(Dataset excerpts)
====

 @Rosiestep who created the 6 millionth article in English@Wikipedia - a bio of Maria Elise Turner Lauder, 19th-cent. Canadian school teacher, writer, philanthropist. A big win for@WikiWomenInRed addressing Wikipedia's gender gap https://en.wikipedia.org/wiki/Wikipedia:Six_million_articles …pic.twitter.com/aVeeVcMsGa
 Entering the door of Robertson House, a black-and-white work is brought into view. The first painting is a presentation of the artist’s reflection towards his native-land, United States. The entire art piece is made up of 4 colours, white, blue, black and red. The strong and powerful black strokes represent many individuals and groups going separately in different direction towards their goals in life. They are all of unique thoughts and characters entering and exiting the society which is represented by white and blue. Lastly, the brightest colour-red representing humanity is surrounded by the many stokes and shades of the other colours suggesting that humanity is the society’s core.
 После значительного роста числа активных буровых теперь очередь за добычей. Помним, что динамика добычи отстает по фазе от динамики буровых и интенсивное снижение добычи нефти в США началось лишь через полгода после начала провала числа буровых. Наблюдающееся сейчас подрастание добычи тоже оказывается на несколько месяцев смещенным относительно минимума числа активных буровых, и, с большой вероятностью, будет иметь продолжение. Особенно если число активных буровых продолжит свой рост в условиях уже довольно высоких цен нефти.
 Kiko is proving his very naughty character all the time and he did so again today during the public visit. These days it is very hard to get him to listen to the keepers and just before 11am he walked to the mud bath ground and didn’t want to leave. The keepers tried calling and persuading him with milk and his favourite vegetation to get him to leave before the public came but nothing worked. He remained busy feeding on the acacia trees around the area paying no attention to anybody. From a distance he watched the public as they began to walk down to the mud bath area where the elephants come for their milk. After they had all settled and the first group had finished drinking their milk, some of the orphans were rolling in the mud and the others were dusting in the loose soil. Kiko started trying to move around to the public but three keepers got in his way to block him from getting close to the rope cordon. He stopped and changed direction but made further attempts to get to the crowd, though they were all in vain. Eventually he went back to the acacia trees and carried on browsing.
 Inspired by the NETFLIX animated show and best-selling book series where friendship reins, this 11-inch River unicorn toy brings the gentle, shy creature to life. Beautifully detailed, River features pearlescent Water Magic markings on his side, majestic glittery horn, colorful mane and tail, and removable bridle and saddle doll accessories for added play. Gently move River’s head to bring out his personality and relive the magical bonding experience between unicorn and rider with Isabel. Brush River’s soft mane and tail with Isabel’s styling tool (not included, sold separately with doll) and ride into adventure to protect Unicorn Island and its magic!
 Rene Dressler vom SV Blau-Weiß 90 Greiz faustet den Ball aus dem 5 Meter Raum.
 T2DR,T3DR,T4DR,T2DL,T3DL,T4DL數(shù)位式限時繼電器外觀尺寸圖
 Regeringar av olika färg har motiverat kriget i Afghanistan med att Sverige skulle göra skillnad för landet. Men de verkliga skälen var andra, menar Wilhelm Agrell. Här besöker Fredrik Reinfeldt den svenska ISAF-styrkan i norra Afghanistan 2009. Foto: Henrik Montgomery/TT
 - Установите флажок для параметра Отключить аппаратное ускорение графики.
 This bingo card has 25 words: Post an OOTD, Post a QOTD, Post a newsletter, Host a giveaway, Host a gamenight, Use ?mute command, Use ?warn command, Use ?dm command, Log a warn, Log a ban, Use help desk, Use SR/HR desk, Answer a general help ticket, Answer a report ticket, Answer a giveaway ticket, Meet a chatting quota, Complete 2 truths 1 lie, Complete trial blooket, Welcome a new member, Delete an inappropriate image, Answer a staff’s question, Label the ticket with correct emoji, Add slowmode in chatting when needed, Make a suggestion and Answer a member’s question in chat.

====

- **What you should do**
Every line above needs to be retyped exactly.

- **Response box**
 @Rosiestep who created the 6 millionth article in English@Wikipedia - a bio of Maria Elise Turner Lauder, 19th-cent. Canadian school teacher, writer, philanthropist. A big win for@WikiWomenInRed addressing Wikipedia's gender gap https://en.wikipedia.org/wiki/Wikipedia:Six_million_articles …pic.twitter.com/aVeeVcMsGa
 Entering the door of Robertson House, a black-and-white work is brought into view. The first painting is a presentation of the artist’s reflection towards his native-land, United States. The entire art piece is made up of 4 colours, white, blue, black and red. The strong and powerful black strokes represent many individuals and groups going separately in different direction towards their goals in life. They are all of unique thoughts and characters entering and exiting the society which is represented by white and blue. Lastly, the brightest colour-red representing humanity is surrounded by the many stokes and shades of the other colours suggesting that humanity is the society’s core.
 После значительного роста числа активных буровых теперь очередь за добычей. Помним, что динамика добычи отстает по фазе от динамики буровых и интенсивное снижение добычи нефти в США началось лишь через полгода после начала провала числа буровых. Наблюдающееся сейчас подрастание добычи тоже оказывается на несколько месяцев смещенным относительно минимума числа активных буровых, и, с большой вероятностью, будет иметь продолжение. Особенно если число активных буровых продолжит свой рост в условиях уже довольно высоких цен нефти.
 Kiko is proving his very naughty character all the time and he did so again today during the public visit. These days it is very hard to get him to listen to the keepers and just before 11am he walked to the mud bath ground and didn’t want to leave. The keepers tried calling and persuading him with milk and his favourite vegetation to get him to leave before the public came but nothing worked. He remained busy feeding on the acacia trees around the area paying no attention to anybody. From a distance he watched the public as they began to walk down to the mud bath area where the elephants come for their milk. After they had all settled and the first group had finished drinking their milk, some of the orphans were rolling in the mud and the others were dusting in the loose soil. Kiko started trying to move around to the public but three keepers got in his way to block him from getting close to the rope cordon. He stopped and changed direction but made further attempts to get to the crowd, though they were all in vain. Eventually he went back to the acacia trees and carried on browsing.
 Inspired by the NETFLIX animated show and best-selling book series where friendship reins, this 11-inch River unicorn toy brings the gentle, shy creature to life. Beautifully detailed, River features pearlescent Water Magic markings on his side, majestic glittery horn, colorful mane and tail, and removable bridle and saddle doll accessories for added play. Gently move River’s head to bring out his personality and relive the magical bonding experience between unicorn and rider with Isabel. Brush River’s soft mane and tail with Isabel’s styling tool (not included, sold separately with doll) and ride into adventure to protect Unicorn Island and its magic!
 Rene Dressler vom SV Blau-Weiß 90 Greiz faustet den Ball aus dem 5 Meter Raum.
 T2DR,T3DR,T4DR,T2DL,T3DL,T4DL數(shù)位式限時繼電器外觀尺寸圖
 Regeringar av olika färg har motiverat kriget i Afghanistan med att Sverige skulle göra skillnad för landet. Men de verkliga skälen var andra, menar Wilhelm Agrell. Här besöker Fredrik Reinfeldt den svenska ISAF-styrkan i norra Afghanistan 2009. Foto: Henrik Montgomery/TT
 - Установите флажок для параметра Отключить аппаратное ускорение графики.
 This bingo card has 25 words: Post an OOTD, Post a QOTD, Post a newsletter, Host a giveaway, Host a gamenight, Use ?mute command, Use ?warn command, Use ?dm command, Log a warn, Log a ban, Use help desk, Use SR/HR desk, Answer a general help ticket, Answer a report ticket, Answer a giveaway ticket, Meet a chatting quota, Complete 2 truths 1 lie, Complete trial blooket, Welcome a new member, Delete an inappropriate image, Answer a staff’s question, Label the ticket with correct emoji, Add slowmode in chatting when needed, Make a suggestion and Answer a member’s question in chat.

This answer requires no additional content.